The physician portal further closes the loop by making results instantly available once reporting is complete. No back-and-forth. No manual file transfers. No mismatched data. Physicians don’t have to wait for confirmation or chase results, which directly increases their ability to act quickly and confidently on diagnoses. That responsiveness feeds directly into improved healthcare outcomes.
If you’re a decision-maker, this has a few implications. First, network efficiency isn’t limited to internal operations anymore, it has to extend to your clinical stakeholders and collaborators. Second, the impact of automation and integration is structural. It reduces reliance on individual vigilance and experience and replaces it with consistently applied systems logic. Third, and most importantly, it unlocks scalable growth without scaling errors.

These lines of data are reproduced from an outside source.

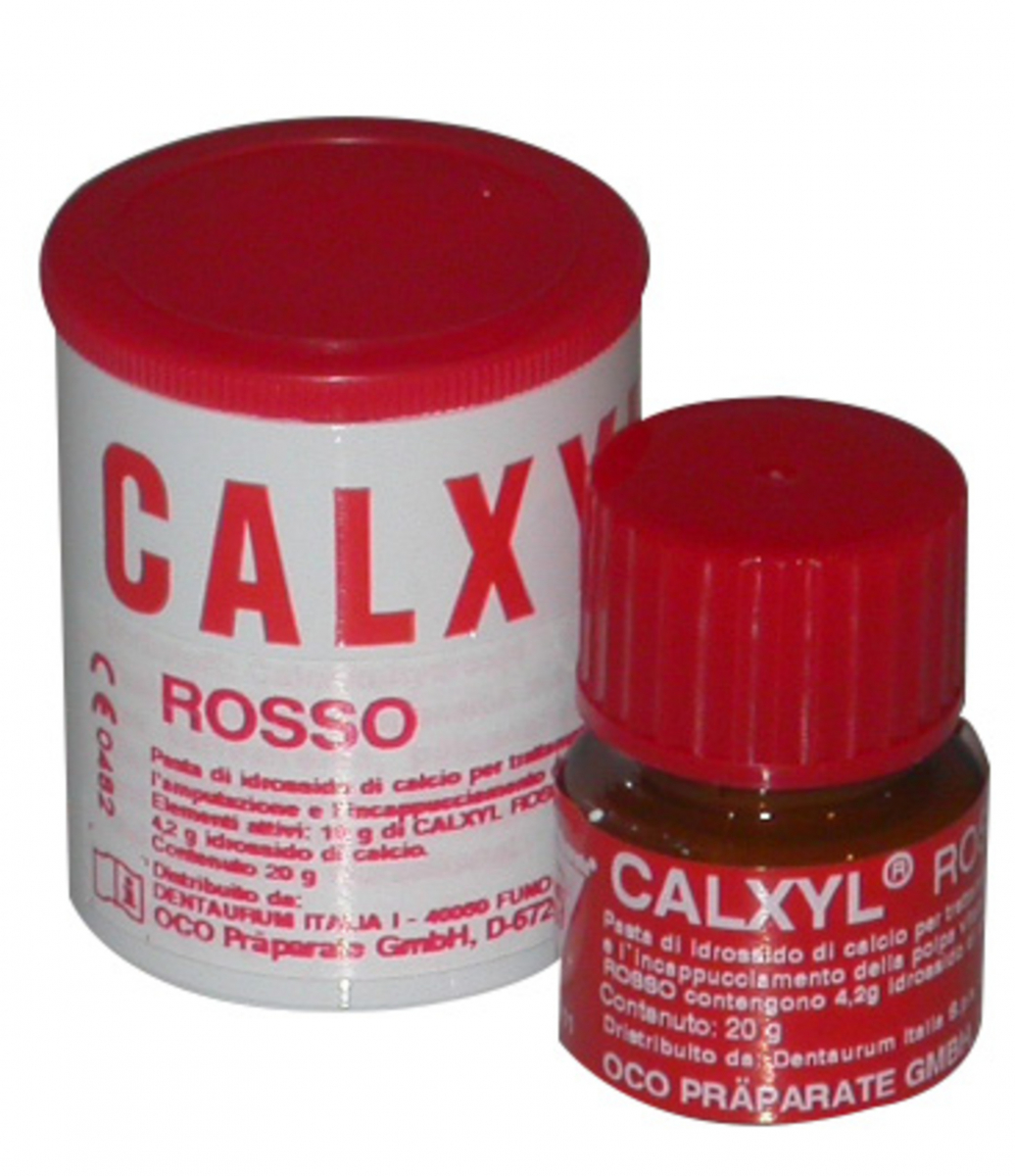 CALXYL , pasta a base di idrossido di calcio. Vasetto da 20 gr - Rosso , x il trattamento della dentina priva di carie nelle adiacenze della polpa , trattamento di carie profonde , incappucciamento indiretto e diretto della polpa ,pulpotomia , riempimento del canale radicolare
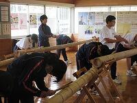11月9日(日)に開催する寺尾中閉校イベントに向けての練習です。体が覚えているようで、すぐにリズムよくたたいていました。さすがですね。太鼓と竹の音、そして生徒全員の動きの統一感、いつ見ても心に響くものがあります。
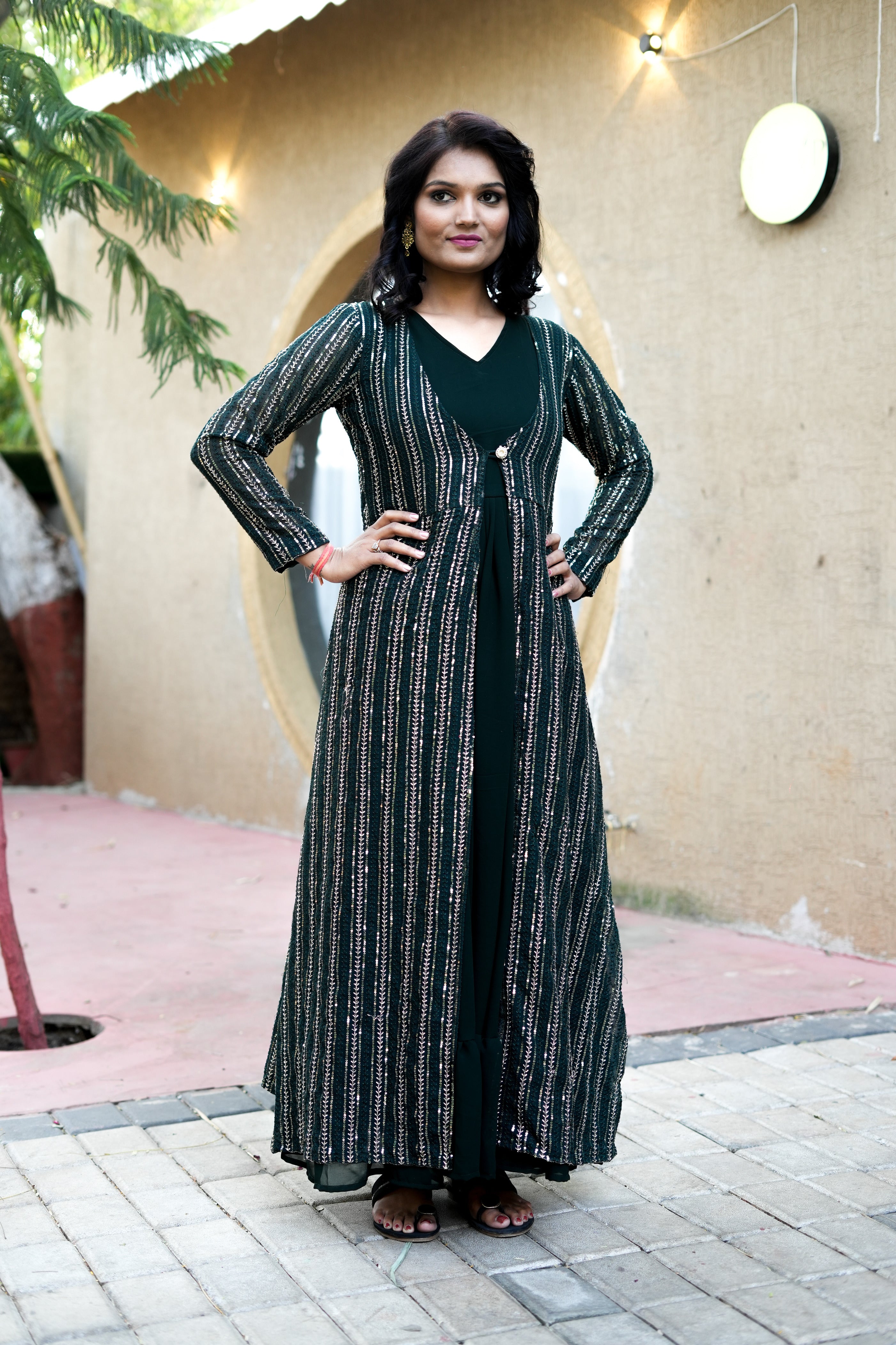 Elevate your style with the Paridha Green Shrug Georgette Dress, a blend of modern design and timeless elegance. This outfit features a flowing georgette dress paired with a chic shrug, adding versatility to your wardrobe. The soothing green shade and delicate craftsmanship make it a perfect choice for festive gatherings, cocktail evenings, or casual celebrations. Designed for comfort and style, its lightweight fabric and flattering fit ensure effortless grace. Reflecting Paridha’s commitment to quality, this piece combines sophistication with ease.
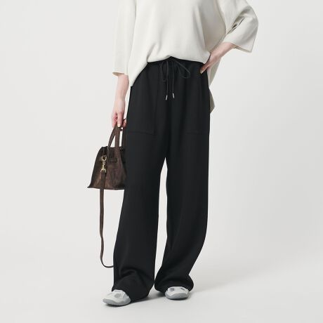 トレンドのスウェットパンツのようなラフさがありながら、落ち感のある滑らかな素材やすっきりとしたシルエットが大人のカジュアルスタイルにぴったりのアイテム。
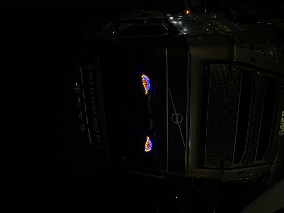 - "The image displays the front of a dark-colored Volvo FH "Globetrotter" truck at night, illuminated by its own lighting and custom accessories" by FM-Z0s923, licensed under CC BY 4.0
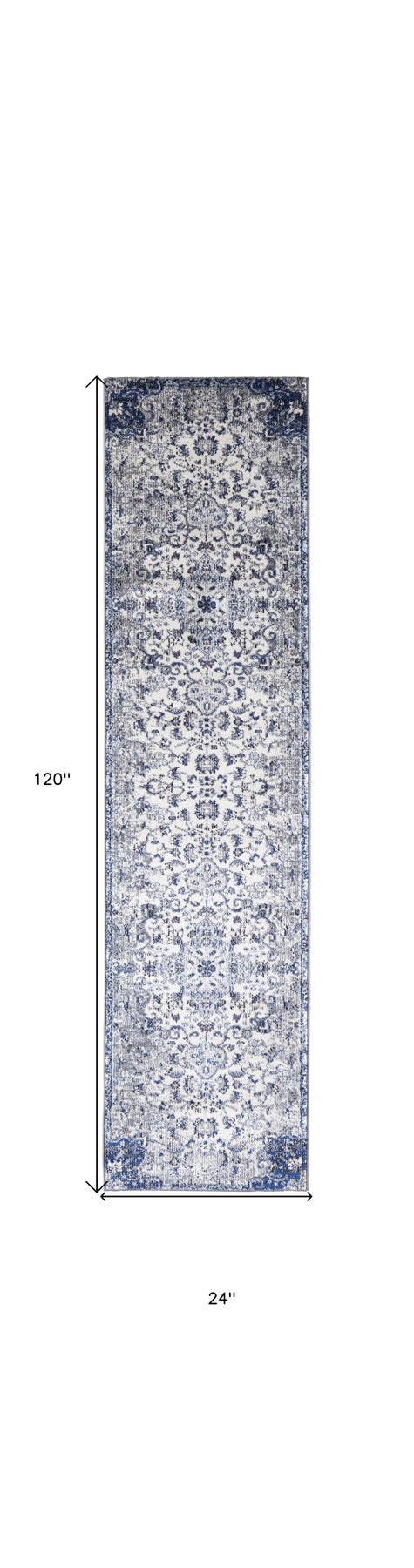 Add great coloration and comfortable texture to your space with this 10' ivory gray and blue floral power loom distressed stain resistant runner rug. This runner shaped rug features a floral design in ivory gray and blue to give it visual interest. A classic shape marries with good looking design for your space This superior Turkish rug represents the highest quality and is built to last. Ideal for spaces with kids and pets, this rug is stain resistant to help repel stains and spilled liquids. Place this area rug against a hardwood or tile floor and it will enliven your living space with style and sophistication. 0.39" H x 24" W x 120" D
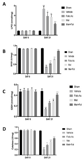 Group 4. Sham + melatonin + folic acid (Mel + Fol): Rats were injected subcutaneously with vehicle (distilled water with a final concentration of 0.5% acetic acid) instead of reserpine and treated orally with melatonin (10 mg/kg) and folic acid (3 mg/kg) for 21 days starting from 3 days after first vehicle injection.
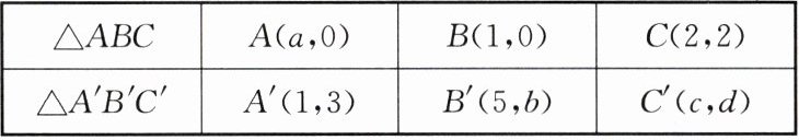 24. (10 分)在如图所示的平面直角坐标系中,每个小方格的边长表示 1 个单位长度,将$\triangle ABC平移后得到\triangle A'B'C'$,它们的三个顶点坐标如下表。
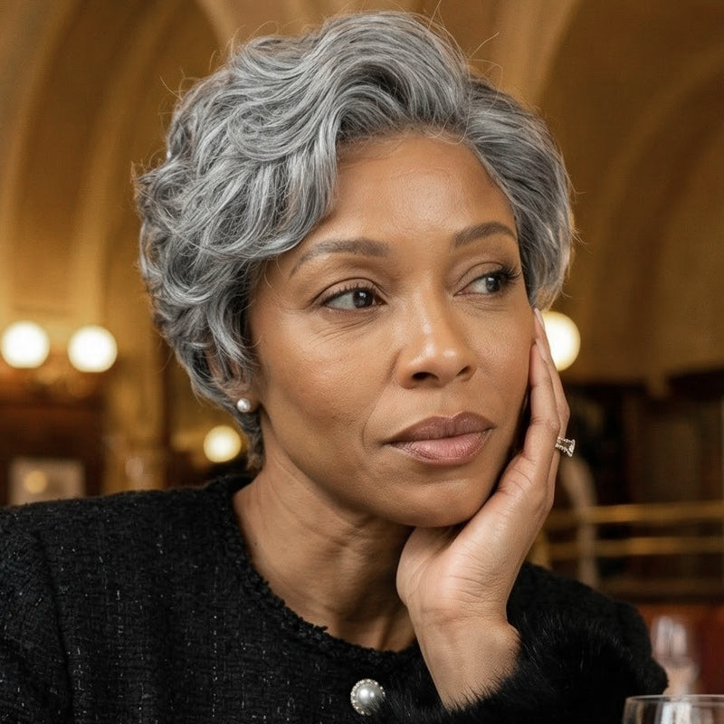 - Item: Custom Short Tapered Pixie Haircuts Salt & Pepper Color Human Hair Wigs

Digitizing and orchestrating your lab this way lowers compliance risk, improves traceability for audits or regulatory checks, and ensures that quality doesn’t degrade when volume increases. And it does all this without forcing you to overhaul your entire IT ecosystem. The tech is there. The value is in how directly you implement it. That’s how you go from incremental efficiency to sustained clinical reliability.
Key takeaways for decision-makers
- Address workflow bottlenecks early: Pre-analytical errors, complex data, and labor shortages are the leading contributors to turnaround time (TAT) delays in NGS labs. Leaders should eliminate inefficiencies at intake and invest in structured processes to safeguard diagnostic speed and accuracy.
- Implement end-to-end LIMS systems: Cloud-based LIMS streamline sample management, data flow, and reporting. Decision-makers should prioritize full integration to eliminate manual errors, reduce friction, and enable real-time visibility across lab functions.
- Automate for scalability and precision: Modern LIMS platforms enhance lab reliability by automating repetitive tasks, integrating legacy systems, and ensuring data traceability. Leaders focused on growth should adopt these systems to meet demand without compromising outcomes or compliance.